|Budget Amount *help
¥7,700,000 (Direct Cost : ¥7,700,000)
Fiscal Year 1997 : ¥2,300,000 (Direct Cost : ¥2,300,000)
Fiscal Year 1996 : ¥5,400,000 (Direct Cost : ¥5,400,000)
Phosphoinositide-specific phospholipase C (PLC) is a key enzyme in signal transduction. In the present study, we examined the property of PLC isozymes in human brains using the methods of chromatofocusing and gel filtration chromatography, and investigated their changes in Alzheimer's disease (AD) brains. Chromatofocusing profile of human brain PLC activity on a Mono P HR column demonstrated that PLC-gamma1 exhibiting isoelectric point values of 5.2 and PLC-delta1 exhibiting isoelectric point values of 5.2 and 4.6 are partly overlapped in their elution. In contrast, the elution profile of control and AD brain PLC on a Superdex 200 pg column gel filtration chromatography indicated that PLC-gamma1 and PLC-delta1 can be separated with the elution position having a molecular weight of about 240,000 and 140,000, respectively, in human brain. Using this gel filtration chromatography it was revealed that the PLC-gamma1 activity was significantly decreased and the PLC-delta1 activity was significantly increased in AD brains compared with controls. These results suggest that the PLC isozymes are differentially involved in AD.

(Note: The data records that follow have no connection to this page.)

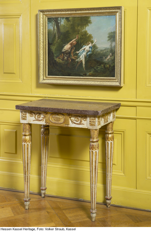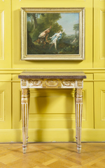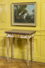 Weiß - gold gefaßter Konsoltisch. Kannelierte Rundbeine, nach unten leicht konisch zulaufend mit abgesetzter, länglicher Fußzone. Die Kanneluren im unteren Teil ausgefüllt und in stark stilisiertem Blattstab endend. Am Zargenansatz kapitellförmig gestaltet, ein Wulstring trennt einen nach unten weisenden Blattkranz von einem gegenläufig gestalteten. Gerade Zarge mit vertieften Feldern, in die auf der Vorderseite ein Rankenfries, an den Seiten ein Akanthusblattmotiv eingesetzt ist. Die Ecken mit länglichen, gerahmten Feldern, in die Rosetten eingesetzt sind. Auf der Vorderseite aufgesetztes längliches Feld, an den oberen Ecken zwei Eckrosetten, denen unten je zwei Guttae entsprechen. Mittig in vertieftem ovalem Feld flache antikisierende Deckelschale. Rechteckige Deckplatte aus rötlichem, weiß gesprenkeltem Marmor.
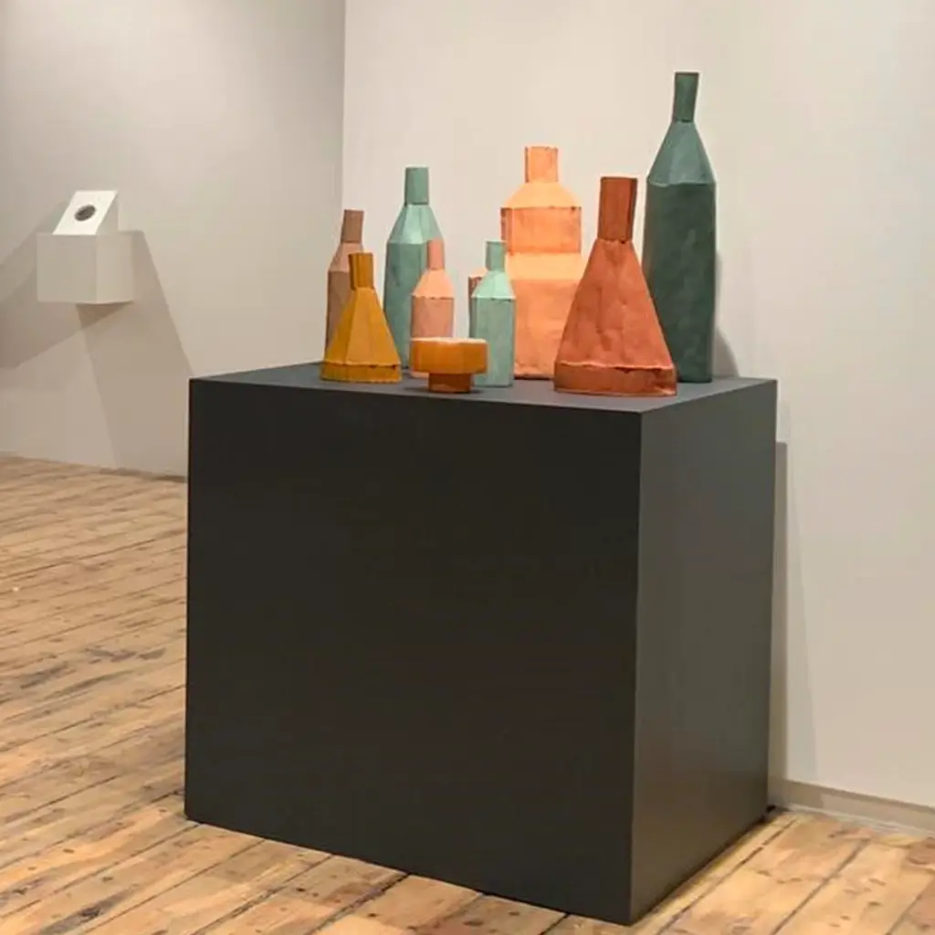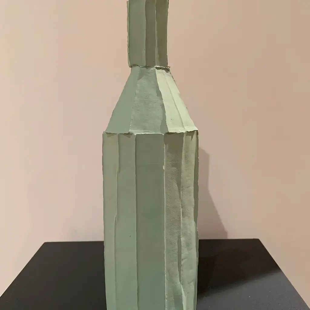 This superb decorative piece is a unique addition to an eclectic or modern interior. It is crafted by hand in the shape of a bottle with a stunning paper-like surface tinted a delicate mint color. The asymmetrical silhouette will add a dynamic touch to an entryway console or living room bookcase, either alone or combined with other object by Paola Paronetto in different shapes and colors for an unforgettable effect. Every one of Paola Paronetto’s creations is unique. Slight variations in shape, colour and size are to be considered a guarantee of authenticity and value. They are finished with non-toxic satin-finish enamels. Although very rarely, it is possible for them to leak after long periods of exposure to water. It is therefore advisable to test their water resistance before using them on delicate surfaces. They should not be used as dining utensils. The white pieces can be washed with water or sanitizing products, whereas the coloured pieces must be treated more gently and cleaned with a feather duster or a soft cloth, dry or moistened very slightly with water.
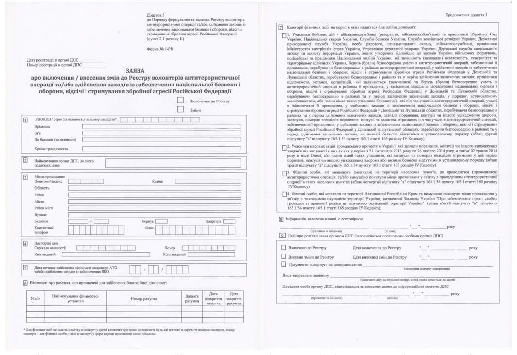 Заява форми № 1-РВ подається до будь-якого територіального відділу податкової служби України, незалежно від місця проживання чи місця знаходження фізичної особи. Разом з заявою до ДПС подається довідка з банку про номер рахунку, на який збираються кошти для ведення волонтерської діяльності, також копія паспорту і ідентифікаційного коду волонтера.
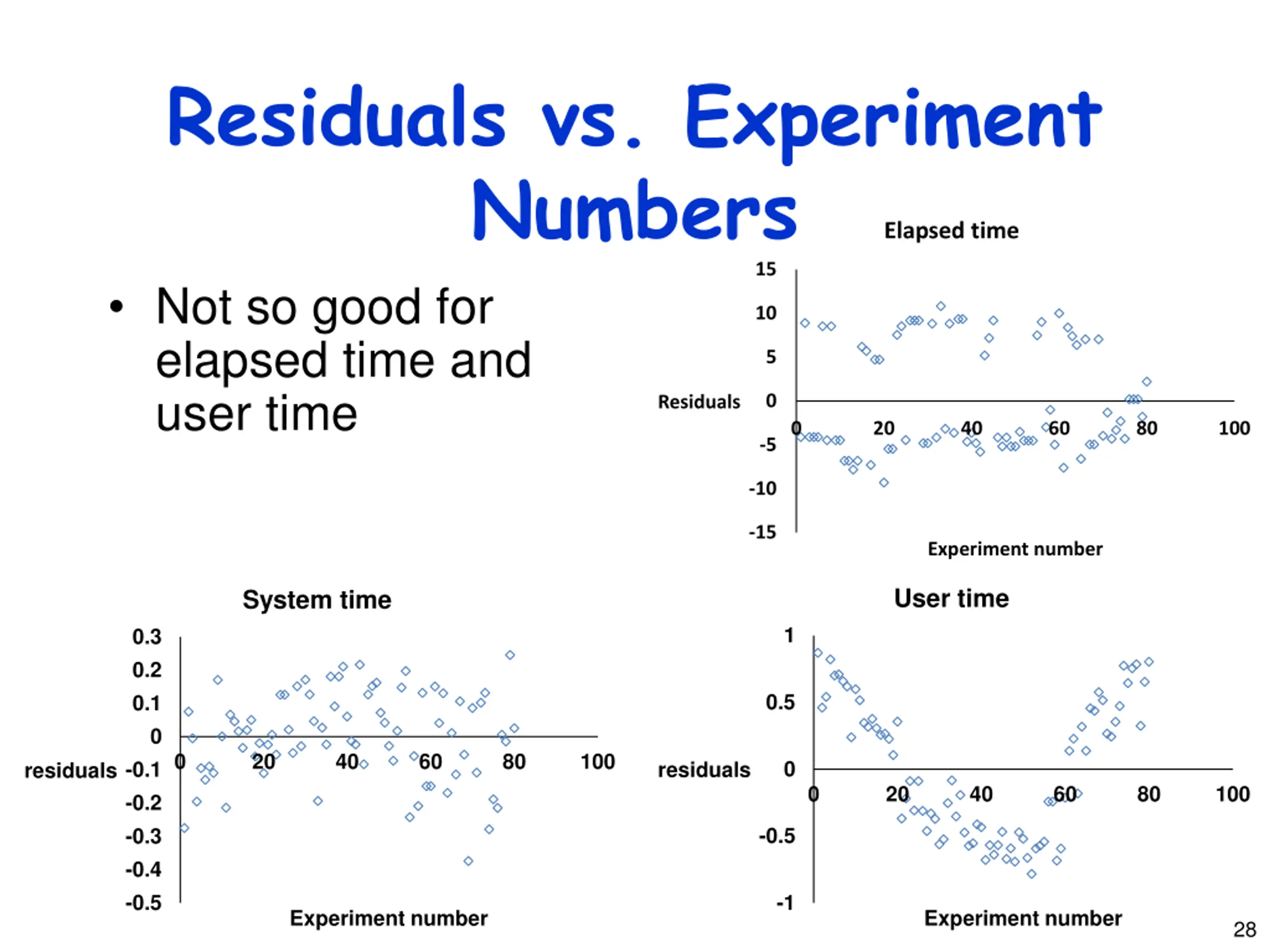 Residuals vs. Experiment Numbers Not so good for elapsed time and user time Elapsed time 15 10 5 0 Residuals 0 20 40 60 80 100 -5 -10 -15 Experiment number User time System time 1 0.3 0.2 0.5 0.1 0 0 20 40 60 80 100 0 -0.1 residuals residuals 0 20 40 60 80 100 -0.2 -0.5 -0.3 -0.4 -0.5 -1 Experiment number Experiment number 28
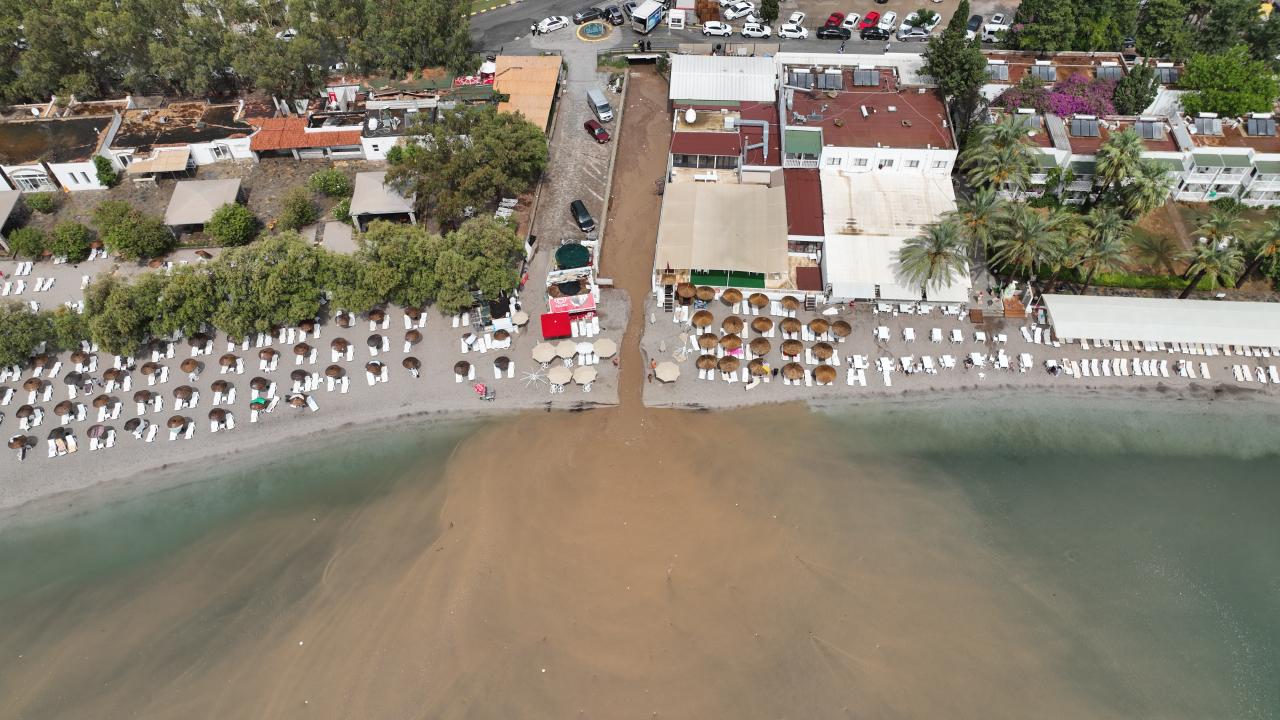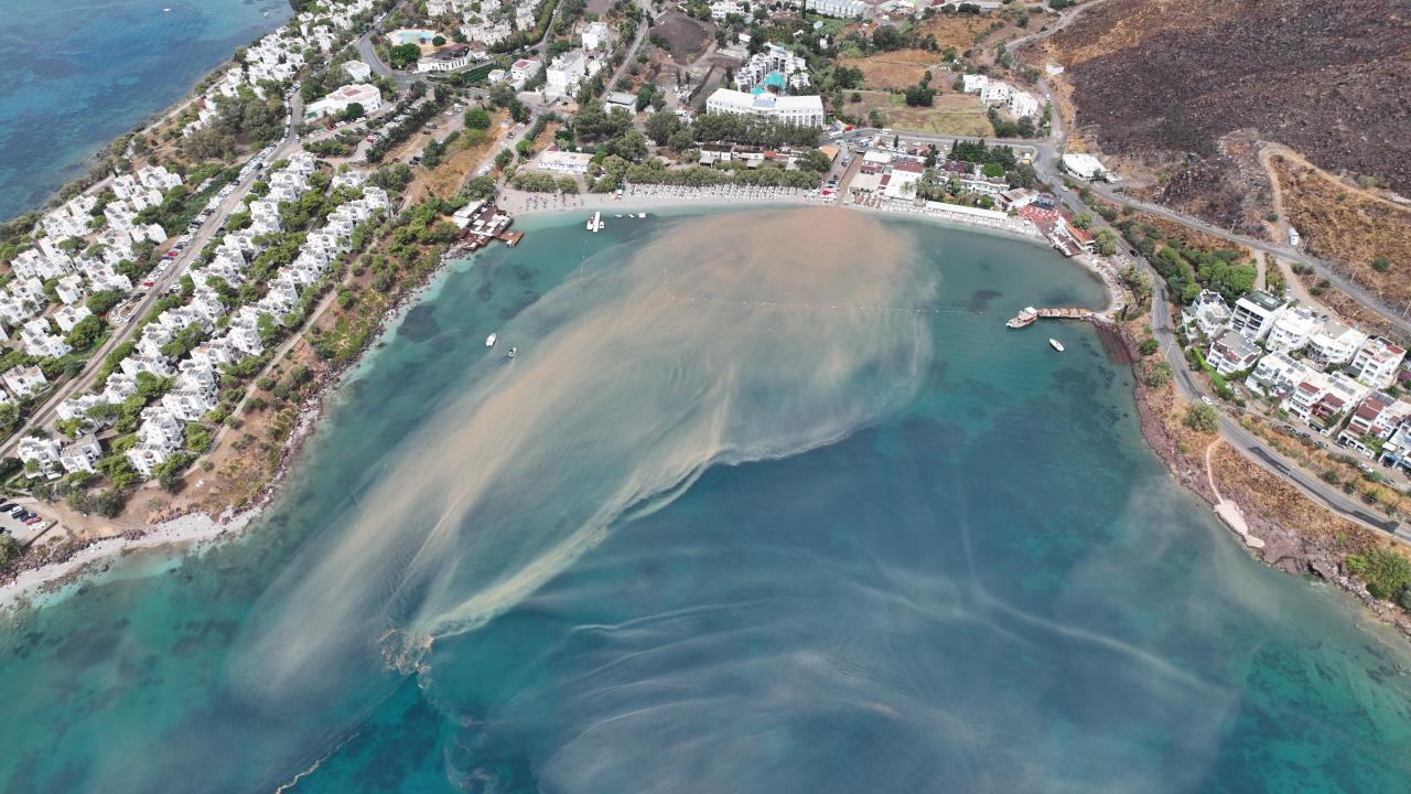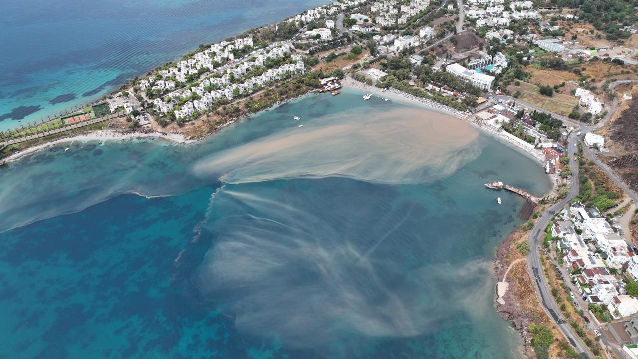 Bodrum'da sabah aniden bastıran sağanak yağış tatilcileri şok etti. Şiddetli yağmur sebebiyle çamur akan derelerin döküldüğü zümrüt yeşili cennet koylar çamur deryasına dönerken, o anlar havadan dronla görüntülendi.
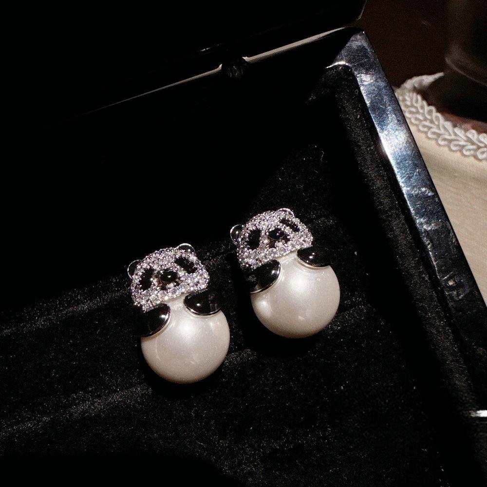 Panda Zircon and Bead Earringsfeature adorable panda designs with zircons and beads,blending cuteness and elegance perfectly.
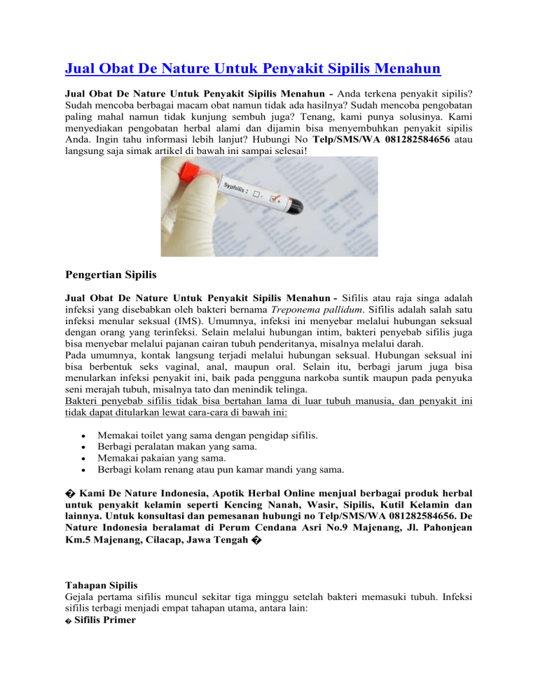 Jual Obat De Nature Untuk Penyakit Sipilis Menahun Jual Obat De Nature Untuk Penyakit Sipilis Menahun - Anda terkena penyakit sipilis? Sudah mencoba berbagai macam obat namun tidak ada hasilnya? Sudah mencoba pengobatan paling mahal namun tidak kunjung sembuh juga? Tenang, kami punya solusinya. Kami menyediakan pengobatan herbal alami dan dijamin bisa menyembuhkan penyakit sipilis Anda. Ingin tahu informasi lebih lanjut? Hubungi No Telp/SMS/WA 081282584656 atau langsung saja simak artikel di bawah ini sampai selesai! Pengertian Sipilis Jual Obat De Nature Untuk Penyakit Sipilis Menahun - Sifilis atau raja singa adalah infeksi yang disebabkan oleh bakteri bernama Treponema pallidum. Sifilis adalah salah satu infeksi menular seksual (IMS). Umumnya, infeksi ini menyebar melalui hubungan seksual dengan orang yang terinfeksi. Selain melalui hubungan intim, bakteri penyebab sifilis juga bisa menyebar melalui pajanan cairan tubuh penderitanya, misalnya melalui darah. Pada umumnya, kontak langsung terjadi melalui hubungan seksual. Hubungan seksual ini bisa berbentuk seks vaginal, anal, maupun oral. Selain itu, berbagi jarum juga bisa menularkan infeksi penyakit ini, baik pada pengguna narkoba suntik maupun pada penyuka seni merajah tubuh, misalnya tato dan menindik telinga. Bakteri penyebab sifilis tidak bisa bertahan lama di luar tubuh manusia, dan penyakit ini tidak dapat ditularkan lewat cara-cara di bawah ini: Memakai toilet yang sama dengan pengidap sifilis. Berbagi peralatan makan yang sama. Memakai pakaian yang sama. Berbagi kolam renang atau pun kamar mandi yang sama. � Kami De Nature Indonesia, Apotik Herbal Online menjual berbagai produk herbal untuk penyakit kelamin seperti Kencing Nanah, Wasir, Sipilis, Kutil Kelamin dan lainnya. Untuk konsultasi dan pemesanan hubungi no Telp/SMS/WA 081282584656. De Nature Indonesia beralamat di Perum Cendana Asri No.9 Majenang, Jl. Pahonjean Km.5 Majenang, Cilacap, Jawa Tengah � Tahapan Sipilis Gejala pertama sifilis muncul sekitar tiga minggu setelah bakteri memasuki tubuh. Infeksi sifilis terbagi menjadi empat tahapan utama, antara lain: � Sifilis Primer Penderita sifilis mengalami gejala yang dimulai dengan lesi atau luka pada alat kelamin atau di dalam dan di sekitar mulut. Luka yang terjadi berbentuk seperti gigitan serangga tapi tidak menimbulkan rasa sakit. Pada tahap ini, jika orang yang terinfeksi berhubungan seksual dengan orang lain, penularan sangat mudah terjadi. Luka ini bertahan selama 1-2 bulan. Pada akhirnya, lesi ini akan sembuh tanpa meninggalkan bekas. � Sifilis Sekunder Penderita sifilis sekunder akan mengalami ruam merah serukuran koin kecil dan biasanya ruam ini muncul pada telapak tangan dan telapak kaki. Gejala lain yang mungkin muncul adalah demam, nafsu makan menurun, radang tenggorokan dan kutil kelamin. Fase ini bisa bertahan selama satu hingga tiga bulan. � Sifilis Laten Setelah fase sifilis sekunder, sifilis seakan-akan menghilang dan tidak menimbulkan gejala sama sekali. Masa laten ini bisa bertahan sekitar dua tahun sebelum kemudian lanjut ke masa yang paling berbahaya dalam infeksi sifilis yaitu sifilis tersier. � Sifilis Tersier Jika infeksi tidak terobati, sifilis akan berkembang ke tahapan akhir, yaitu sifilis tersier. Pada tahap ini, infeksi bisa memberi efek yang serius pada tubuh. Beberapa akibat dari infeksi pada tahapan ini adalah kelumpuhan, kebutaan, demensia, masalah pendengaran, impotensi, dan bahkan kematian jika tidak ditangani. Sifilis paling mudah menular pada fase sifilis primer dan sekunder. Jika Anda merasa terinfeksi sifilis, segera periksakan diri ke dokter atau klinik spesialis penyakit kelamin untuk memastikan diagnosis terhadap sifilis. Makin cepat sifilis diobati, makin kecil kemungkinan sifilis berkembang menjadi penyakit yang serius. GEJALA ATAU TANDA PENYAKIT SIPILIS Jual Obat De Nature Untuk Penyakit Sipilis Menahun - Penyakit sipilis bisa menyebabkan kerusakan organ-organ tubuh. Kerusakan tersebut bisa menimpa syaraf, otak, otot, tulang, mata, serta organ bagian tubuh yang lainnya. Bahkan, jika sudah stadium lajut penyakit ini dapat menyebabkan kematian pada si penderita.Penyakit kelamin yang satu ini memang tidak boleh dianggap remeh. Perlu Anda ketahui bahwa penyakit ini akan menggerogoti sistem kekebalan tubuh penderita sehingga tubuh si penderita akan sangat mudah terkena penyakit dan bertambah parah karena infeksi dari bakteri penyebab penyakit ini menyebar keseluruh tubuh dengan cepat. Untuk itu sebaiknya kita dapat mengenali tandatanda penyakit kelamin ini melalui gejala yang muncul. Informasi lebih lanjut hubungi Telp/SMS/WA 081282584656 Gejala/Tanda Penyakit Sipilis Pada Wanita 1. Keluarnya cairan tidak normal dari saluran kencing atau liang senggama 2. Timbulnya keputihan yang banyak, berbau amis, dan warnanya cenderung putih kehijauan. 3. Rasa nyeri ketika buang air kecil 4. Rasa nyeri saat berhubungan seksual 5. Timbulnya rasa gatal di alat kelamin atau sekitarnya dan menjadi luka koreng di kelamin. 6. Timbulnya luka kecil (terkadang tidak terasa sakit) disertai pembengkakan kelenjar getah bening. 7. Terjadinya perubahan warna kulit dan mata komplikasi bartolitis, yaitu membengkaknya kelenjar Bartholin mengakibatkan kesulitan berjalan karena rasa nyeri. Gejala/Tanda Penyakit Sipilis Pada Pria Sering nyeri selama hubungan seksual. Nyeri ketika buang air kecil. Keluarnya cairan atau kotoran dari penis laki-laki. Ada luka kerongkongan pada orang-orang melakukan oral sek, sehingga kerongkongan sering terasa sakit. Nyeri pada daerah sekitar anus (hal ini terjadi pada orang-orang melakukan anal sex). Luka memerah tanpa rasa sakit pada daerah kelamin, anus, kerongkongan dan atau lidah. Bintik merah pada kulit dan menjadi luka koreng di kelamin. Timbulnya bersisik pada telapak tangan dan telapak kaki. Urine (air kencing) berwarna cenderung gelap, feses berwarna terang. Mata dan kulit cendrung berwarna kuning. Timbulnya bentuk lepuh kecil pada daerah kelamin, dimana itu b

PLC-delta1 binds to both phosphatidylinositol 4,5-bisphosphate (PtdIns (4,5) P_2) and inositol 1,4,5-trisphosphate (Ins (1,4,5)P_3) with a high affinity via its pleckstrin homology (PH) domain. We found a missense mutation in the region encoding the C-terminal PH domain of the human PLC-delta1. This is also the first report of a mutation in the human PLC genes. A single base substitution (G to A) causes the amino acid replacement, Arg105 to His.Site-directed mutagenesis of the glutathione-S-transferase (GST)/PLC-delta1 fusion protein changing Arg105 to His resulted in a four-fold decrease in the affinity of specific Ins (1,4,5)P_3 binding and a reduction in PtdIns (4,5)P_2 hydrolysing activity to about 40% of that of the wild-type enzyme. This remarkable loss of function can be interpreted in terms of a conformational change in the PH domain.